▶ **PROBLEM STATEMENT**
Transcribe exactly the lines from the one containing "Pengumuman panggilan sidang" through the end of the data, both included. Leave out pictures.

▶ **PROVIDED DATA**
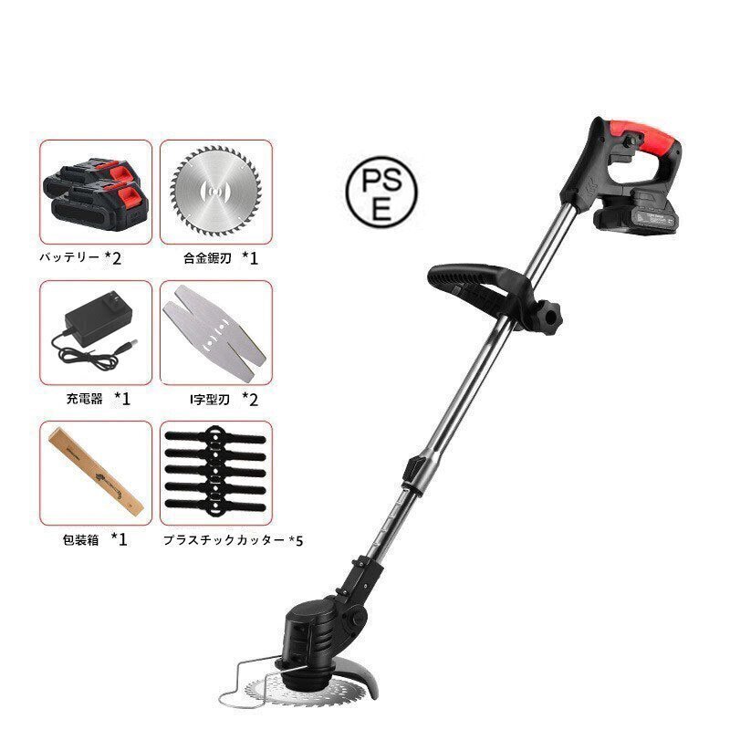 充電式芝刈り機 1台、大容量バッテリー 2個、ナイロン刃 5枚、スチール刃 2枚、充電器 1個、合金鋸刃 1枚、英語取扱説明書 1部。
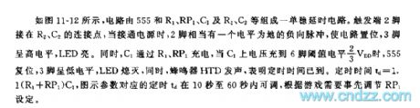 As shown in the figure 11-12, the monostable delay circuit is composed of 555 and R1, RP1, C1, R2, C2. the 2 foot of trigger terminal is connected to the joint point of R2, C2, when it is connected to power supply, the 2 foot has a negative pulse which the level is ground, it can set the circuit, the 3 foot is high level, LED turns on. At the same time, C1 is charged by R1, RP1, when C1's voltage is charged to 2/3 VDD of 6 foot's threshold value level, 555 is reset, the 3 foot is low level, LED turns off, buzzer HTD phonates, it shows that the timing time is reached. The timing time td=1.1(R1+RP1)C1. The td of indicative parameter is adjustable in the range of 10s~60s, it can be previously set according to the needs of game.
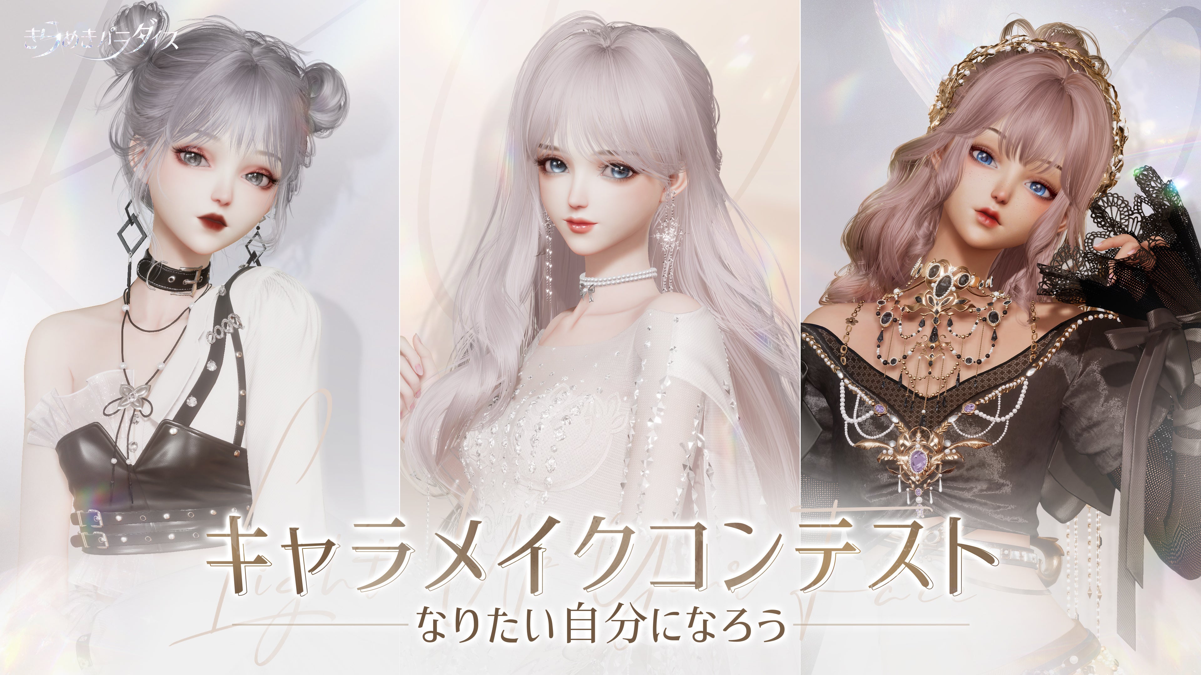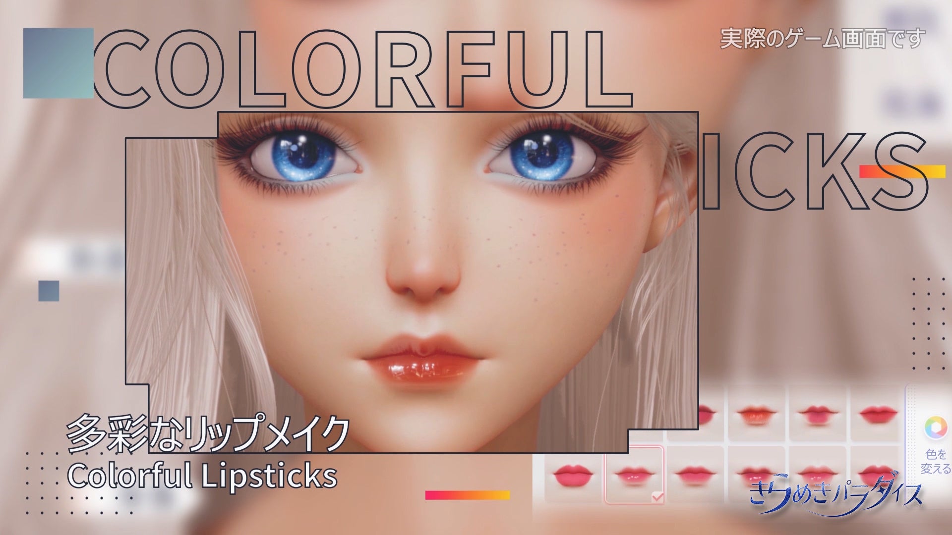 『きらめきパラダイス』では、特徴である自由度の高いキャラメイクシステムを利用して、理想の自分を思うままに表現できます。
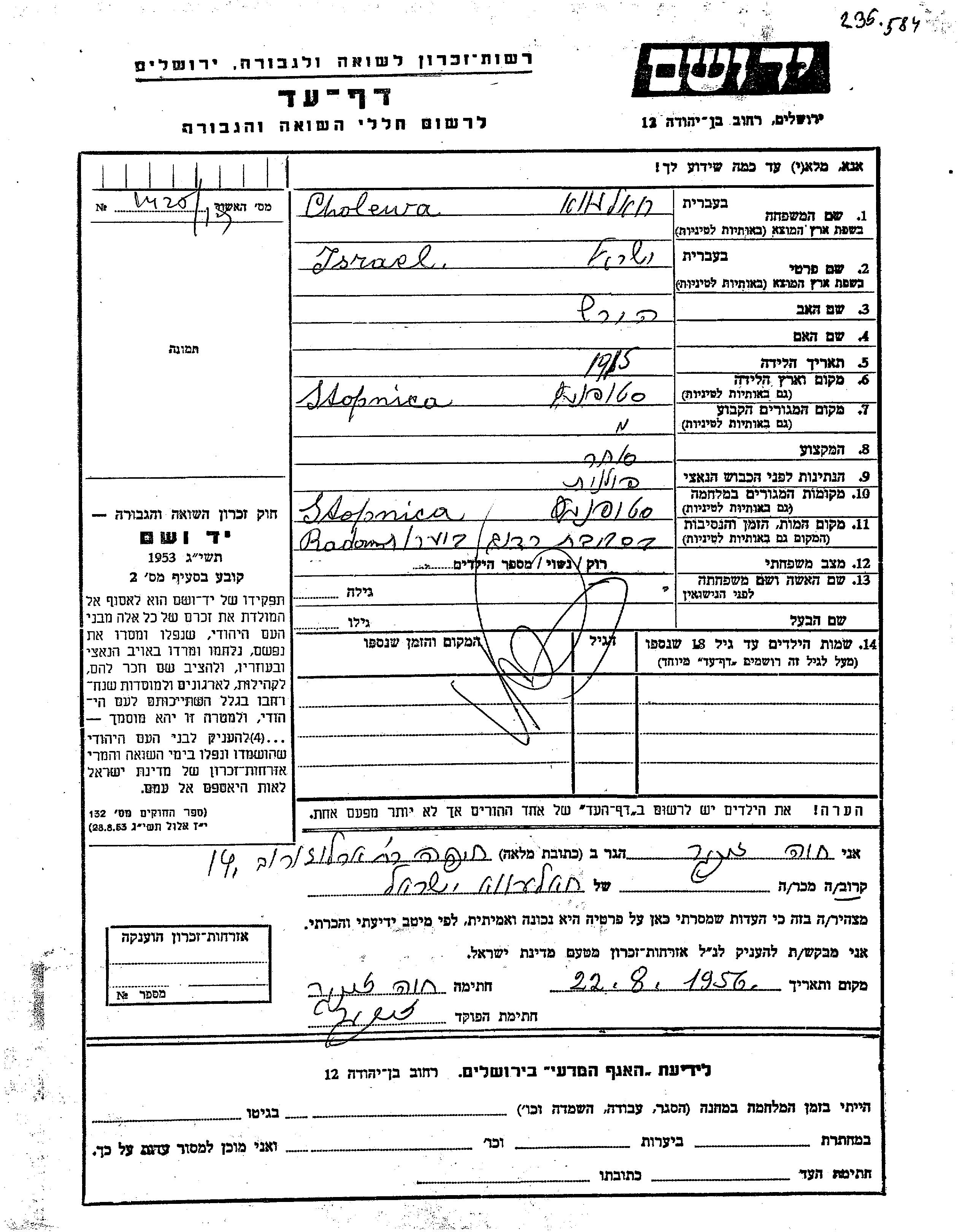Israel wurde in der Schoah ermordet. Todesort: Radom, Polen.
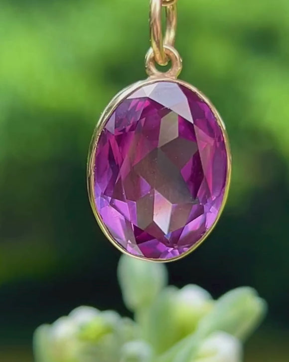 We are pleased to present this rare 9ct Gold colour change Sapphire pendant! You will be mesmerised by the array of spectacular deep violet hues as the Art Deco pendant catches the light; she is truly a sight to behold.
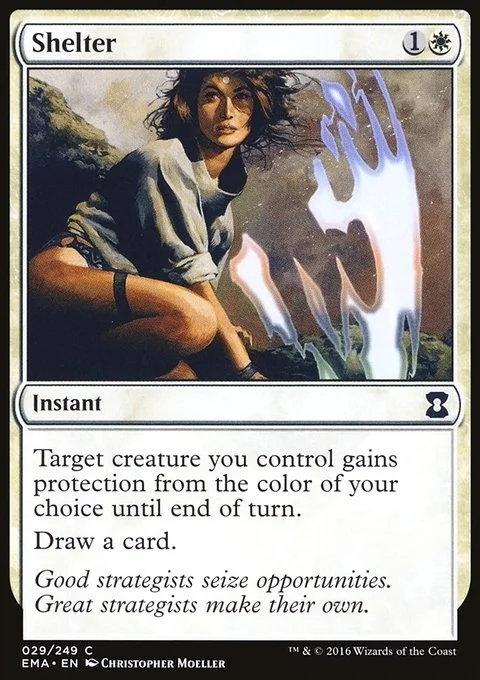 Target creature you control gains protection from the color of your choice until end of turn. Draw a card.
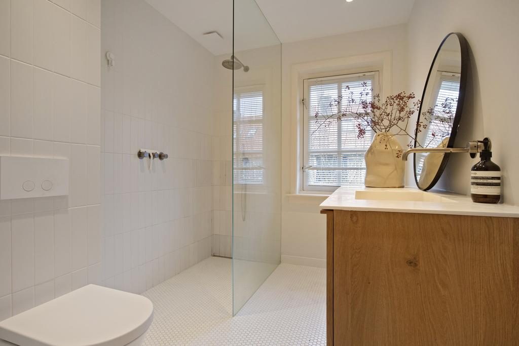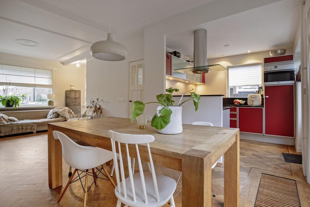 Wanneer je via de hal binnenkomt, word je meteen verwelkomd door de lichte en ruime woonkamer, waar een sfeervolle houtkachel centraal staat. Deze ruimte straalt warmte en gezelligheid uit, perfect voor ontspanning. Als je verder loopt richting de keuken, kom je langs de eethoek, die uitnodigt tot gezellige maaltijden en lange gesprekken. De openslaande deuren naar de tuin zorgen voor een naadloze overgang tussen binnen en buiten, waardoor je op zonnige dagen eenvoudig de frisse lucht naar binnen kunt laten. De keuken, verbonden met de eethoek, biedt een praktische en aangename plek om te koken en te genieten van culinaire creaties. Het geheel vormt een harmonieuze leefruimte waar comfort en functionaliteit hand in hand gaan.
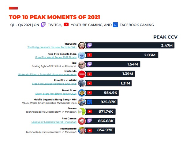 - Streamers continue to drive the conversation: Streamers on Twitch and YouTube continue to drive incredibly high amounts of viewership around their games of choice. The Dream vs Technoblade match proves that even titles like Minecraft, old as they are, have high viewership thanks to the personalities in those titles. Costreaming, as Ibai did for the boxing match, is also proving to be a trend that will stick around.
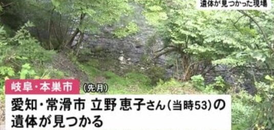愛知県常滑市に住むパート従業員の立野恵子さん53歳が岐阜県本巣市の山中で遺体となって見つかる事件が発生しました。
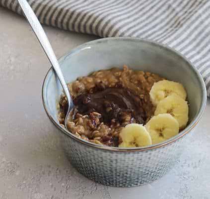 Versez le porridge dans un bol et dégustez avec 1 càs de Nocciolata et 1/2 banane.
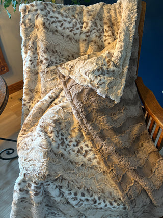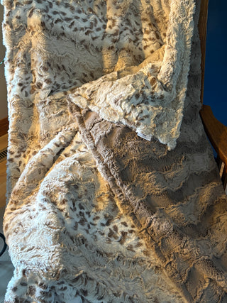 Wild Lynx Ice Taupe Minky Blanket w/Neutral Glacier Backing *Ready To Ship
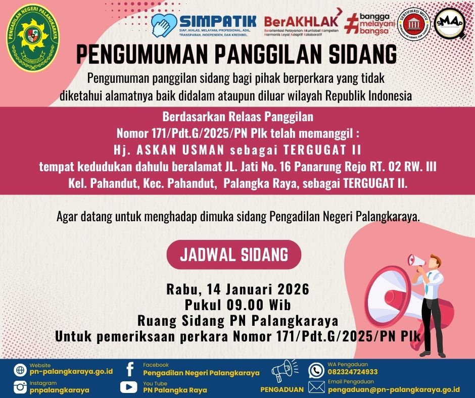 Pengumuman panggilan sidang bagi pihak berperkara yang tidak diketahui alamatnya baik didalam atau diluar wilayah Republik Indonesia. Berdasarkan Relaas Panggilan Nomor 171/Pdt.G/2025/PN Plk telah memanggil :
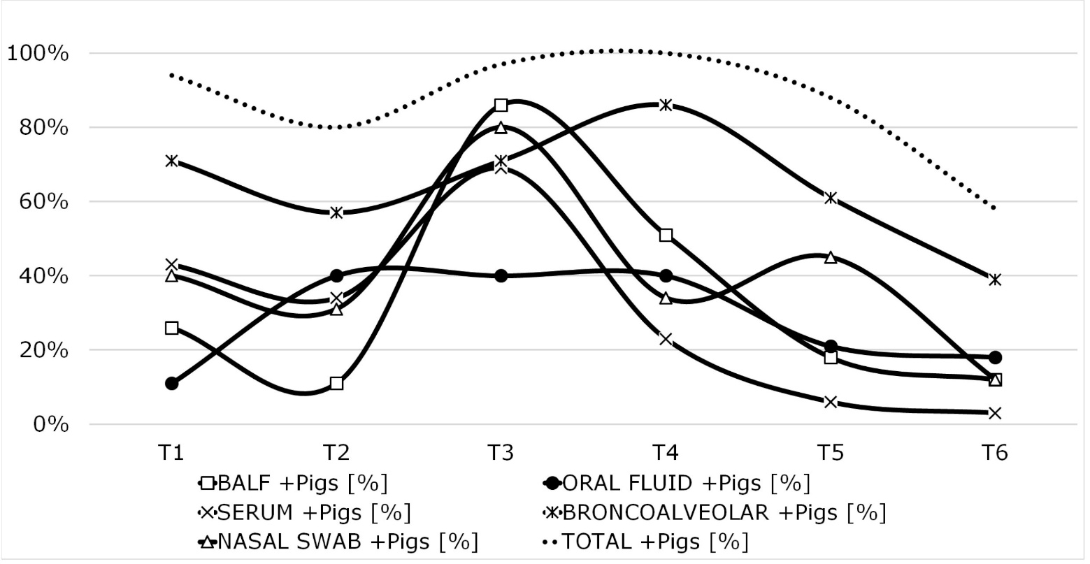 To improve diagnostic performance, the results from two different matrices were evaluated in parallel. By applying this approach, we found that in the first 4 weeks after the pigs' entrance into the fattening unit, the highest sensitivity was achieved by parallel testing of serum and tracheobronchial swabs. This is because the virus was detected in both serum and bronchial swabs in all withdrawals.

▶ **ANSWER TO THIS EXERCISE**
 Pengumuman panggilan sidang bagi pihak berperkara yang tidak diketahui alamatnya baik didalam atau diluar wilayah Republik Indonesia. Berdasarkan Relaas Panggilan Nomor 171/Pdt.G/2025/PN Plk telah memanggil :
 To improve diagnostic performance, the results from two different matrices were evaluated in parallel. By applying this approach, we found that in the first 4 weeks after the pigs' entrance into the fattening unit, the highest sensitivity was achieved by parallel testing of serum and tracheobronchial swabs. This is because the virus was detected in both serum and bronchial swabs in all withdrawals.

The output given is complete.